In Annius und Thiudgif stellt Iris Kammerer dem Leser zwei Wegbegleiter zur Seite, bei denen er stellvertretend für hunderte Mitbetroffene die ganze Tragik hautnah mitverfolgen kann.


Aufmachung des Buches
Keine gebundene Ausgabe. Das ist wohl das größte Manko an diesem Buch, das eine schöne Hardcoverausgabe auf jeden Fall verdient hätte. Die Taschenbuchausgabe ist jedoch schön aufbereitet und auf dem Umschlag, der in verschieden Farbverläufen von Rot bis Schwarz gehalten ist, prangert in Hochglanz der Helm eines römischen Soldaten.
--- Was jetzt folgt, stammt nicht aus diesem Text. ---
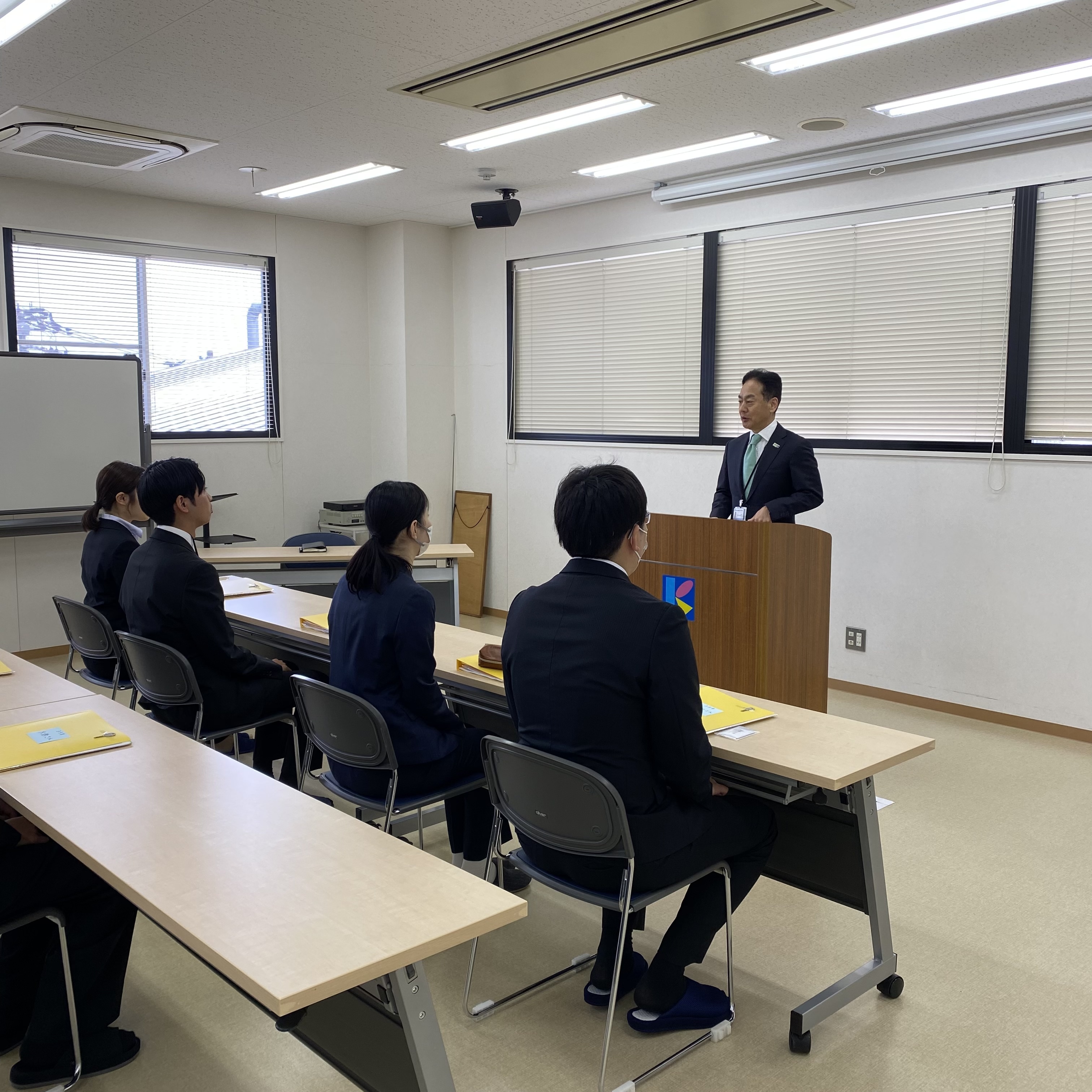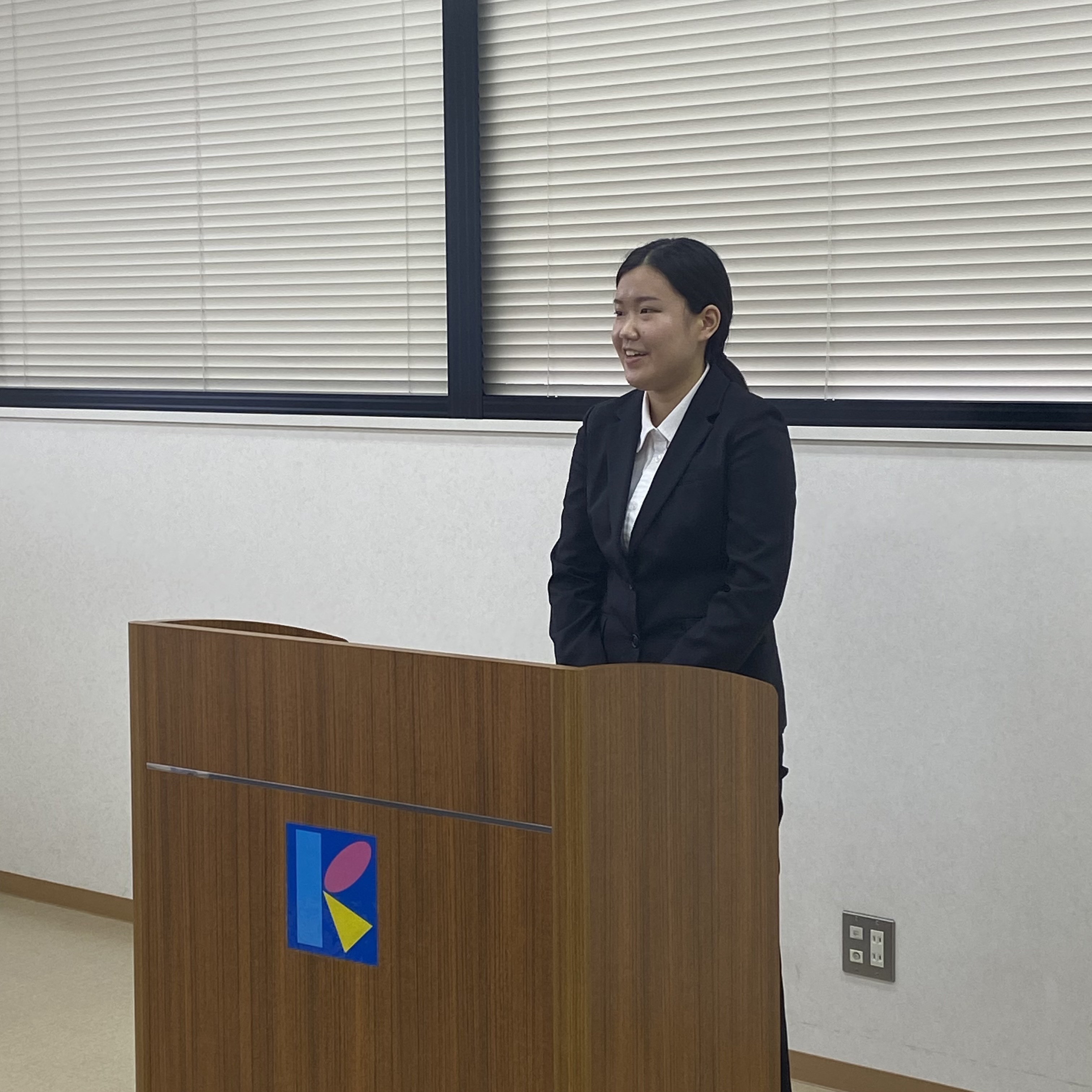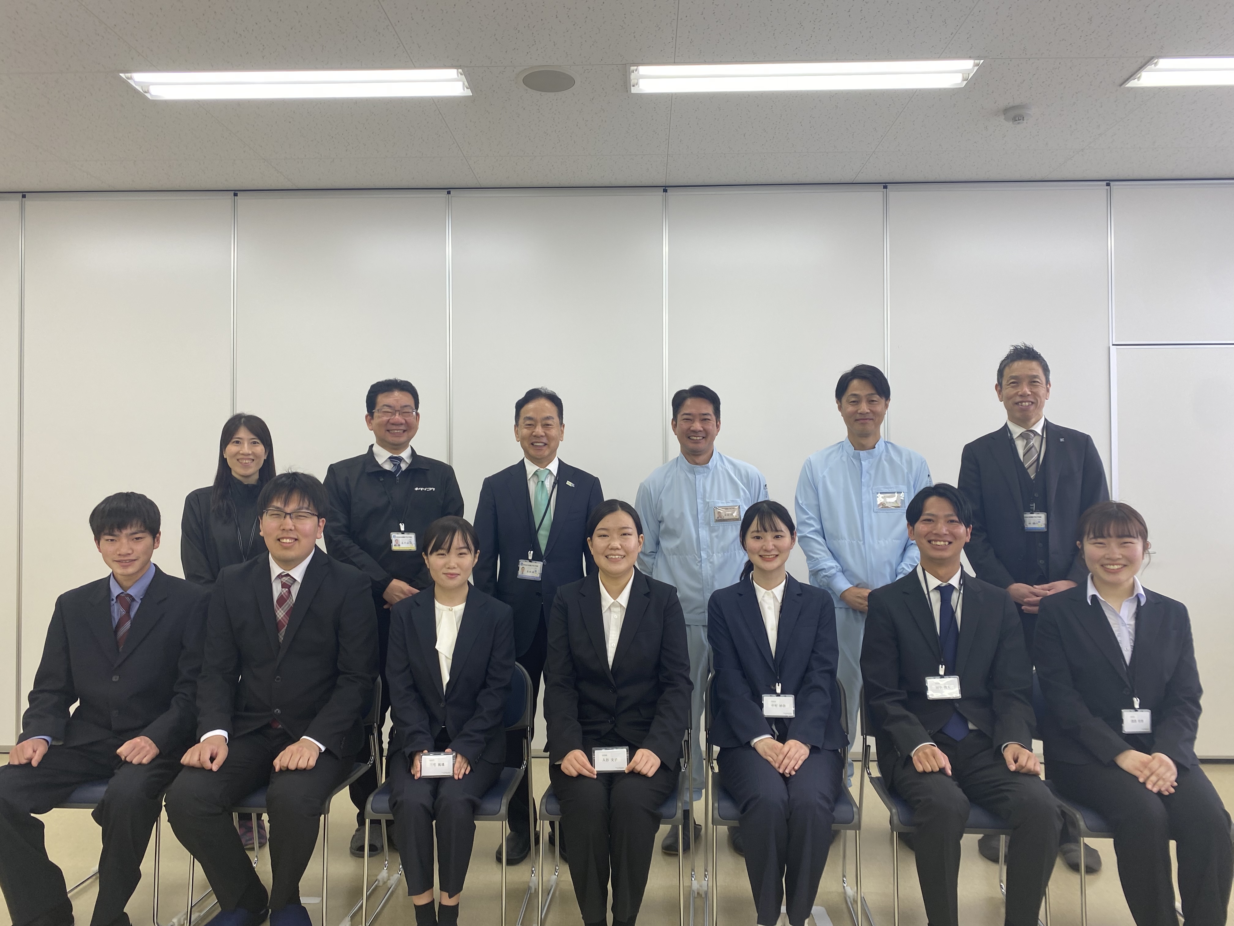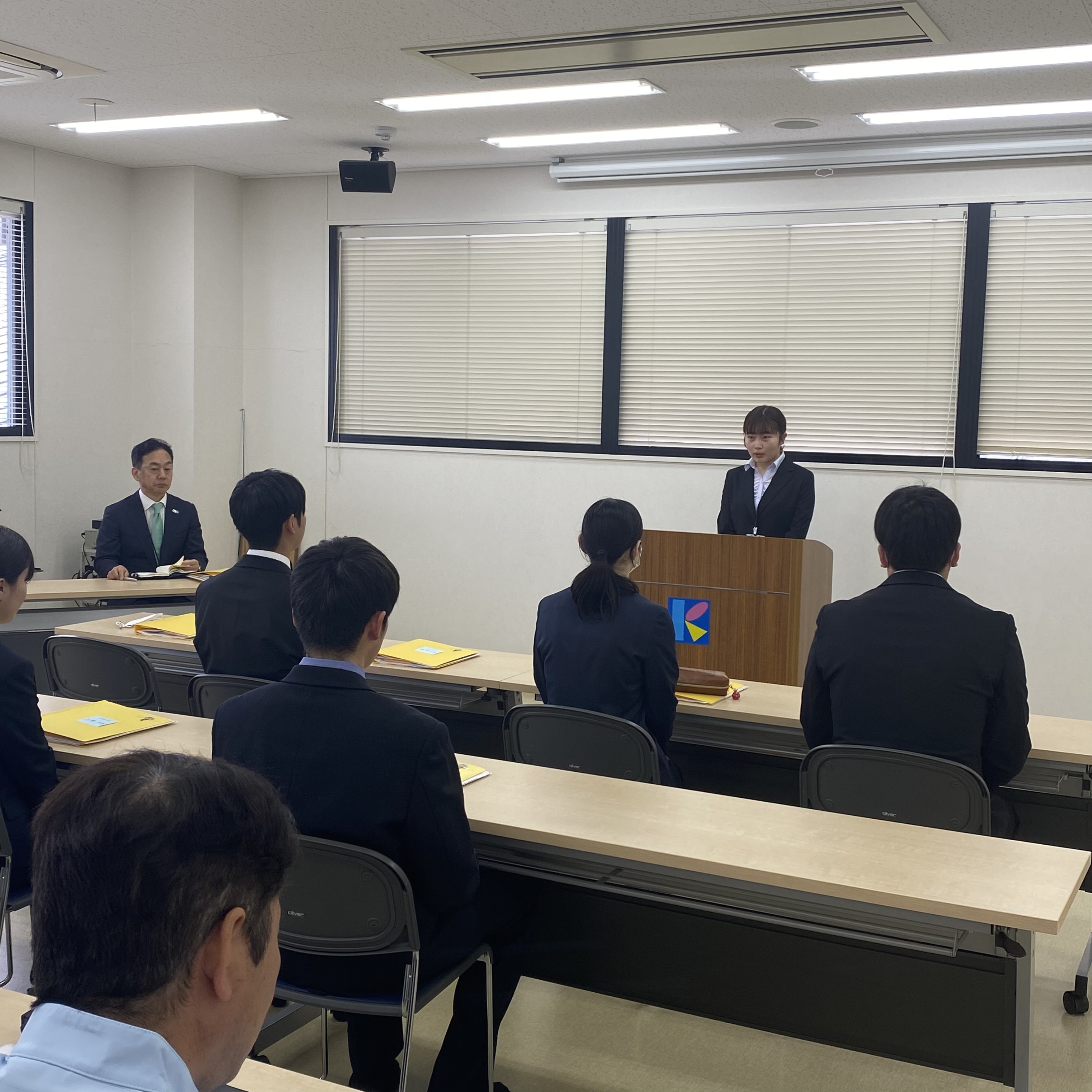 入社式では社長、工場長、部長が出席しました。新入社員は皆さん自分の言葉で心強い

Das Buch ist in 25 Kapitel eingeteilt und am Ende des Buches findet man ein ausführliches Nachwort der Autorin, die Übersetzung des Eingangszitates, mit dem das Buch eingeleitet wird, ein Personenverzeichnis und eine Zeittafel. Als Bonus wurden am Beginn des Buches zwei Karten, eine von „Germania Magna“ und eine von „Belgica“, eingefügt. Auf diesen findet man die römischen Militäranlagen in augustinischer/tiberischer Zeit.


Fazit
Kein leichtes Buch. Kein einfaches Buch und auch kein unterhaltsames Buch.
"Varus" von Iris Kammerer gewährt einen tiefen Einblick in ein Ereignis, dessen Auswirkungen noch heute nicht zu begreifen sind. Was wäre, wenn Varus die Schlacht gewonnen hätte? Wie würde Deutschland heute aussehen? Wo wären heute die Landesgrenzen, wie wäre die Kultur? Fragen, auf die es keine Antwort gibt.
Leser, die sich für die Vergangenheit und vor allem für Geschichte interessieren, werden mit diesem Buch einen prägenden Einblick in das Geschehen vor 2000 Jahren erhalten. Wer jedoch leichte Unterhaltung sucht, wird mit diesem Buch nicht glücklich sein.
„Varus“ lässt einen nachdenklich und aufgewühlt zurück, obwohl - oder gerade deshalb - es weder blutrünstig noch äußerst brutal geschrieben ist.
Ein Buch, welches uneingeschränkt zu empfehlen ist!